Another example: percentage of people with IQ between 109 and 127
- Mean $\mu = 100$ , $\sigma = 15$ .
- Z-scores: $z{109} \approx 0.6$ and $z{127} \approx 1.8$ .
- Percentages from the table:
- Percentage between the mean and 109: $22.57\%$ .
- Percentage between the mean and 127: $46.41\%$ .
- Therefore, the percentage between 109 and 127 is $46.41\% - 22.57\% = 23.84\%.$
Another range example: percentage between 84 and 110
- Z-scores: lower bound 84 → $z \approx -1.07$ , upper bound 110 → $z \approx 0.67$ .
- Percentages from the table:
- Mean to z = -1.07: $35.77\%$ .
- Mean to z = 0.67: $24.86\%$ .
- The red middle area (between 84 and 110) corresponds to the sum of these two middle-range pieces: $35.77\% + 24.86\% = 60.63\%.$
- Therefore, about $60.63\%$ of people have an IQ between 84 and 110.
Summary of practical approach:
- To find a percentage in a range [a, b], compute the Z-scores for the boundaries, look up the corresponding percentages of data between the mean and each boundary, and combine appropriately (subtract the lower boundary from the upper boundary).

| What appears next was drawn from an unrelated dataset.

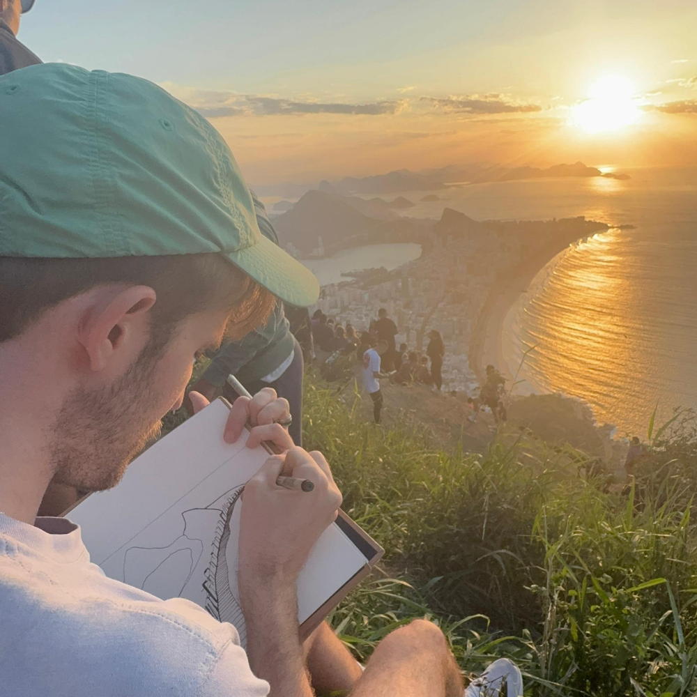 First Light, Rio. Waking at 4 a.m. to hike through the favela toward Dois Irmãos, chasing the sunrise. The city slowly revealed itself below as people gathered, clapping when the sun finally broke the horizon. Sketching from this height felt both frightening and freeing at once like life is. The City of God beneath us, light flooding in. I love Rio.

Data cleaning and screening: identifying impossible scores and ranges

Before describing or analyzing a dataset, you should:
- become familiar with the data,
- understand scales of measurement,
- check for impossible scores (values that cannot occur given the variable).
Example of impossible scores:
- Age: values like 180 are not plausible for a person of interest; such entries should be flagged as impossible.
- Mistakes can arise from data entry errors or miscalibration during data collection.
Determine the possible range for each variable (to know what is plausible):
- Agreeableness: measured on 10 items, each rated 1–5, so the total possible range is $[10, 50]$ .
- Fear of teachers: 5 items, each 1–5, total range is $[5, 25]$ .
- If a score is outside these ranges (e.g., 57 for agreeableness), that is an impossible score for that variable.
How to handle impossible scores when computing statistics:
- Descriptive statistics (mean, SD): remove impossible scores independently for each variable before calculation. This yields correct means and SDs for each variable.
- If you include impossible scores, the mean will be biased (pulled up by high outliers or pulled down by low outliers) and the standard deviation will increase due to added variability.
- Correlation analyses: when correlating two variables, you must remove the score for a participant on both variables if either is missing or impossible on that pair. Only pairwise complete data are used for each correlation.
- Do not remove a participant’s data from one variable unless you are comfortable removing their data for the other variable involved in the correlation as well.
- If a dataset contains extra variables not used in a particular analysis, you do not need to remove their observations unless those variables are involved in the analysis.
Practical example in a multi-variable assignment:
- You will perform two correlations (involving four variables total).
- If a participant has an impossible score on Agreeableness, also remove their Fear of teachers score if those two variables are being correlated.
- You do not need to remove the participant’s data from every other variable unless those variables are included in the correlation you’re performing.
Quick takeaway: clean separately for descriptive stats, then clean by pair for each correlation; data cleaning is a two-step process.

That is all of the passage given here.